Tuesday, March 17, 2009

Road Name Changes. Moving On.


I was driving down Rick Turner, about to turn into, what's Nicholson called now? When I saw it, some trickster had put up a piece of white paper over the road sign. They hadn't blacked it out, they hadn't totally covered it, it was not a protest, it was a celebration. Over "Turner" they had put "Is my Hero". Reading "Rick is my hero" was instantly funny, a little pop culture thing, a homage to some boyfriend, maybe.

I was in the city when I showed the photograph to somebody. Ha, Ha, I thought, share it for a laugh. This elder said to me, "Good, Rick Turner was an activist, he was a Hero, it's good that people recognise that.". He looks at me, "You don't know who Rick Turner is. Do your reading.". I thought to myself then in a flood of different thoughts. Firstly, city officials who make changes without the proper consultation process are easy targets, idiots really, but what is the outcome, is it really so bad? 
We have a hidden history, blame it on the schools then and the dumbing down of schools now, but I bet you Rick Turner is not taught in schools. We are being told our history, unknown, unimportant to those not directly involved. Our daily symbols are being subverted and not altogether in a bad way. Those petty-minded countrywide City Officials must have known this shift in thinking would happen. History forced on us, on one level, How Rude! On another, Thank you.

Let me tell you what I have found by doing my reading. I will lazily quote the wiki, to show you how easy it is to find this stuff.
"Richard Turner (born 1942 in Stellenbosch), known as Rick Turner, was a South African philosopher who was allegedly assassinated by the apartheid state in 1978. Nelson Mandela described Turner "as a source of inspiration" Turner graduated from the University of Cape Town in 1963 attaining a B.A. Honours. He continued his studies at the Sorbonne in Paris where he received a doctorate for a dissertation on the French intellectual, Jean-Paul Sartre. He returned to South Africa in 1966 and went farming on his mother's farm in Stellenbosch for two years before lecturing at the universities of Cape Town, Stellenbosch and Rhodes. He came to Natal in 1970 and become a senior lecturer in political science at the University of Natal and in that same year he met Steve Biko and the two formed a close relationship. 

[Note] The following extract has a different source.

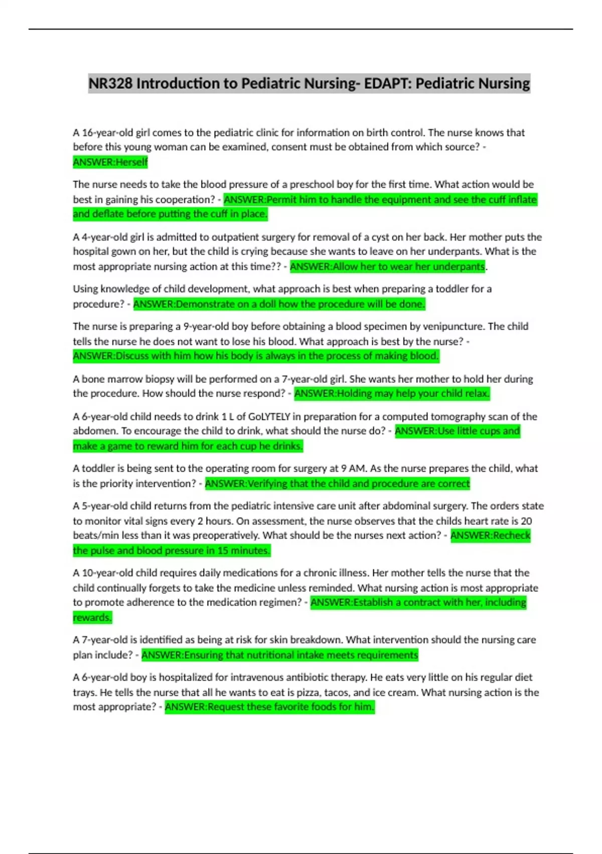 NR328 Introduction to Pediatric Nursing- EDAPT: Pediatric Nursing

In 1972 Turner wrote a book called The Eye of the Needle - Towards Participatory Democracy In South Africa. The South African authorities thought that the book exercised a strong influence on opposition thinking with its plea for a radically democratic and non-racial South Africa. Such a society, he argued, would liberate whites as well as blacks. In the same year he was banned for five years. He was not allowed to visit his two daughters or his mother and had to stay in the Durban area. Even though he was banned this did not stop him from speaking out and in April 1973 Dr Turner and other banned individuals staged an Easter fast to illustrate the sufferings that bannings impose on people. The fast was supported by the Pope and the Archbishop of Canterbury. After his bannings, Dr Turner was kept on the staff at the University even though he was not allowed to lecture.

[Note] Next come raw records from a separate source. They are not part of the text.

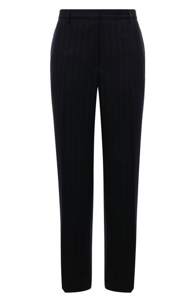 Для изготовления темно-синих брюк в тонкую вертикальную полоску Миучча Прада и Раф Симонс выбрали мягкий шерстяной габардин. Характерное плетение и свойства упругих шелковистых волокон делают материал прочным и немнущимся, поэтому модель с завышенной посадкой будет выглядеть безупречно в течение дня.
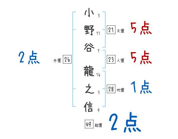 小野谷龍之信さんの画数の鑑定結果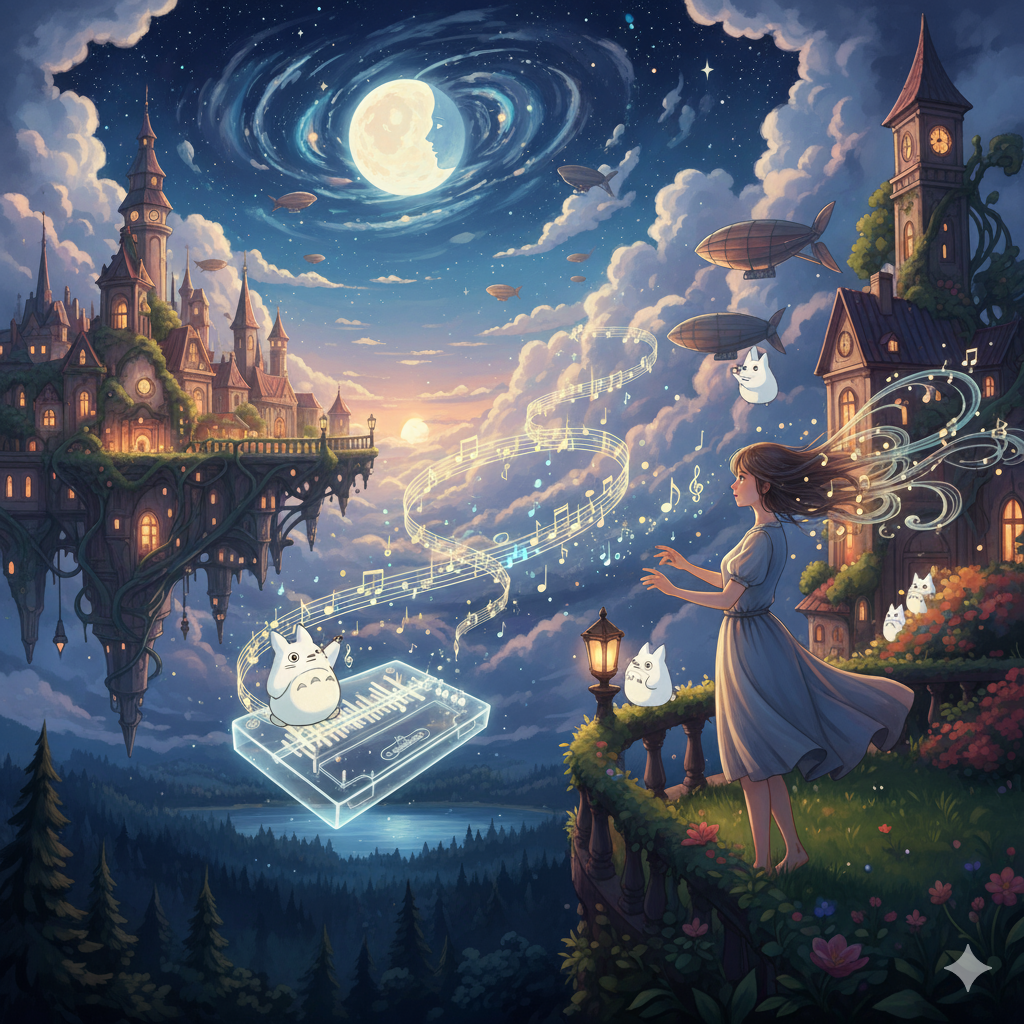 House music in the style of Ghibli films, with a heavy use of the theremin, Dreamy, nostalgic, floating, and romantic, Melodies that evoke nostalgia, A steady four-on-the-floor beat provides propulsion and groove, The role of the theremin: Used for the main melody line, obbligatos that create a mysterious atmosphere, and drones, The theremin's smooth pitch changes create a floating feeling like the movement of the sky and clouds seen in Ghibli films, The up-tempo yet comfortable chill-out feel creates a melody that combines beauty and a touch of melancholy, making it perfect for listening to on a late-night drive or under the stars, Progressive house, Theremin: Main melody, obbligatos, Synthesizer: Clear digital synth that delivers the peak of the song, Piano: Rhythmic chord cutting that supports the house groove, and gentle Ghibli-esque arpeggios, Synthesizer: Pads and bass, with a thick, round sub-bass that is typical of deep house, Drum machine, string instruments

On January 8, 1978, Turner was shot through a window of his home in Dalton Avenue, Bellair, and died in the arms of his 13-year old daughter, Jann. After months of investigations and predictably so, police investigations turned up with no clues, and his killers were never identified. However it is widely believed that he was murdered by the apartheid security police.
Turner has been largely left out of the pantheon of post-apartheid heroes. Most of his former comrades ascribe this to his focus on popular self-management and bottom up democracy which is very uncomfortable for the post-apartheid state which is notoriously authoritarian (mixing neo-liberal managerialism with Stalinism in its practices)."

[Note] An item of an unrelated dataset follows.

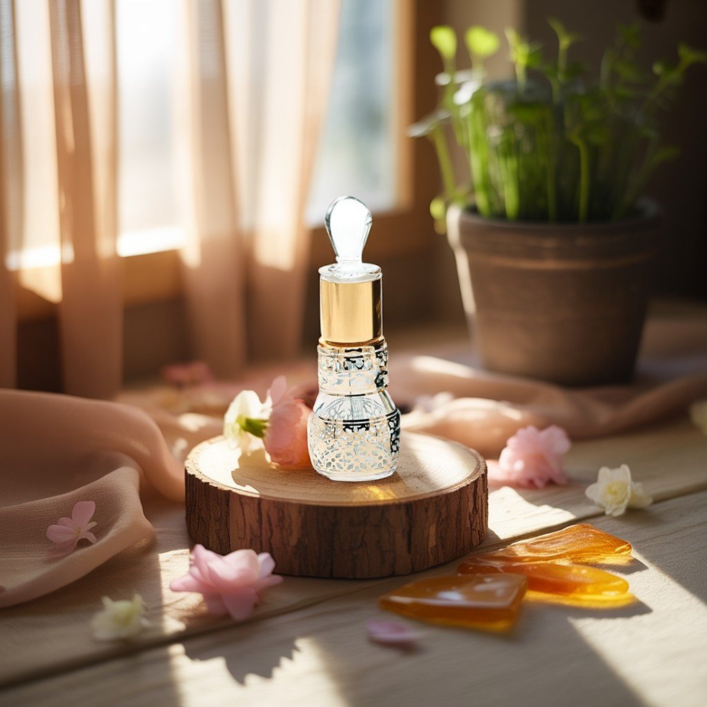 Kiswah Musk’s soft, velvety scent is flowing in the air. Its delicate musk and floral whispers spoke of moonlit whispers and timeless serenity. Each note wove a gentle tale of peace, wrapping her in a soothing embrace, forever binding hearts to the desert’s quiet, eternal beauty.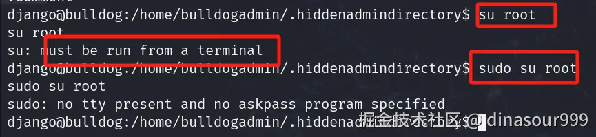 尝试su提权,说su命令必须从终端运行

One click on a web search, that's how easy it was. You see it's not the actual names that are the problem, it's the manner in which it has been done. Mixing neo-liberal managerialism with Stalinism in it's practices. Me, I don't mind, the new names, they're good names. I just want to know who they are before they're imposed on me. I want to have a say. I agree with Rick Turner. After all, it seems, Rick is My Hero.